So I went through foster homes, and I never stayed in one any longer than two months ... Then you'd be moved onto the next place and it went on and on and on. That's one of the main reasons I didn't finish primary school.

Confidential evidence 316, Tasmania.

My mother and brother could speak our language and my father could speak his. I can't speak my language. Aboriginal people weren't allowed to speak their language while white people were around. They had to go out into the bush or talk their lingoes on their own. Aboriginal customs like initiation were not allowed. We could not leave Cherbourg to go to Aboriginal traditional festivals. We could have a corroboree if the Protector issued a permit. It was completely up to him. I never had a chance to learn about my traditional and customary way of life when I was on the reserves.

Confidential submission 110, Queensland: woman removed in the 1940s.

If we got letters, you'd end up with usually 'the weather's fine', 'we love you' and 'from your loving mother' or whatever. We didn't hear or see what was written in between. And that was one way they kept us away from our families. They'd turn around and say to you, 'See, they don't care about you'. Later on, when I left the home, I asked my mother, 'How come you didn't write letters?' She said, 'But we did'. I said, 'Well, we never got them'. We were all rostered to do work and one of the girls was doing Matron's office, and there was all these letters that the girls had written back to the parents and family - the answers were all in the garbage bin. And they were wondering why we didn't write. That was one way they stopped us keeping in contact with our families. Then they had the hide to turn around and say, 'They don't love you. They don't care about you'.

Confidential evidence 450, New South Wales: woman removed at 2 years in the 1940s, first to Bomaderry Children's Home, then to Cootamundra Girls' Home; now working to assist former Cootamundra inmates.

We were told our mother was an alcoholic and that she was a prostitute and she didn't care about us. They [foster family] used to warn us that when we got older we'd have to watch it because we'd turn into sluts and alcoholics, so we had to be very careful.

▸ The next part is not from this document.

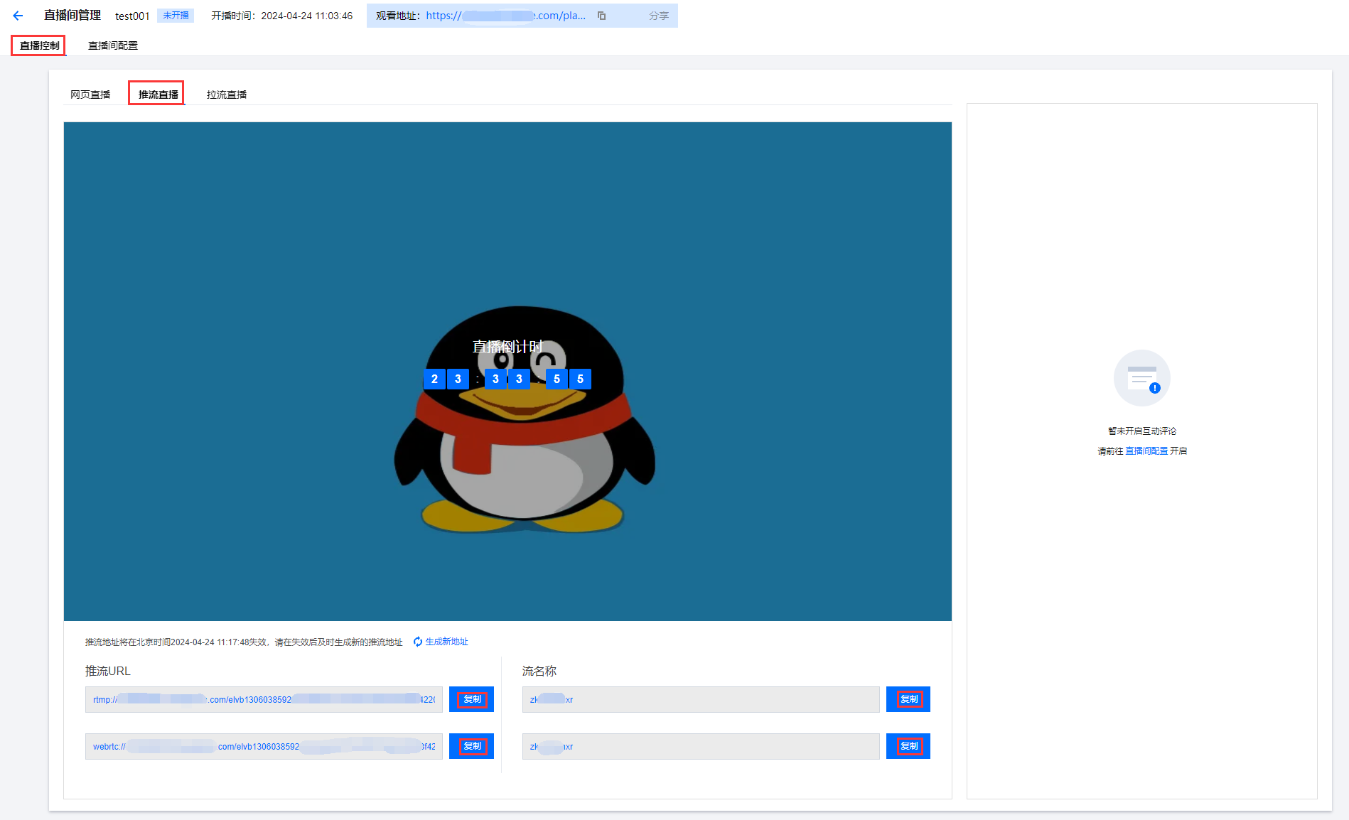 1. 默认情况下,系统会生成推流URL和流名称信息,支持复制到第三方推流工具上进行直播,例如 OBS。

If you were white you didn't have that dirtiness in you ... It was in our breed, in us to be like that.

Confidential evidence 529, New South Wales: woman fostered as a baby in the 1970s.

.....

The physical infrastructure of missions, government institutions and children's homes was often very poor and resources were insufficient to improve them or to keep the children adequately clothed, fed and sheltered. WA's Chief Protector, A O Neville, later described the conditions at the Moore River Settlement in the 1920s (Neville had no control over the Settlement from 1920 until 1926, his jurisdiction being limited to the State's north during that period).

Moore River Settlement had rapidly declined under a brutal indifference. Here 'economy' had taken the form of ignoring maintenance and any improvement of buildings, reducing to a minimum the diet of 'inmates' and doing away with the use of cutlery - the children in the compounds being forced to eat with their hands. The salaries of attendant and teachers had been reduced and anything that was not essential to the rudimentary education available was removed. Even toys, such as plasticine, were removed from the classroom. Unhappiness and the desperate anxiety to locate and rejoin family members led to a sharp increase in absconders and runaways. Punishment was harsh and arbitrary and the 'inmates' feared the Police trackers who patrolled the settlement and hunted down escapees (quoted by Jacobs 1990 on page 123).
Doris Pilkington described the conditions as 'more like a concentration camp than a residential school for Aboriginal children' (Pilkington 1996 page 72).

Young men and women constantly ran away (this was in breach of the Aborigines Act). Not only were they separated from their families and relatives, but they were regimented and locked up like caged animals, locked in their dormitory after supper for the night. They were given severe punishments, including solitary confinements for minor misdeeds (Choo 1989 page 46).

.....

There was no food, nothing. We was all huddled up in a room ... like a little puppy-dog ... on the floor ... Sometimes at night time we'd cry with hunger, no food ... We had to scrounge in the town dump, eating old bread, smashing tomato sauce bottles, licking them. Half of the time the food we got was from the rubbish dump.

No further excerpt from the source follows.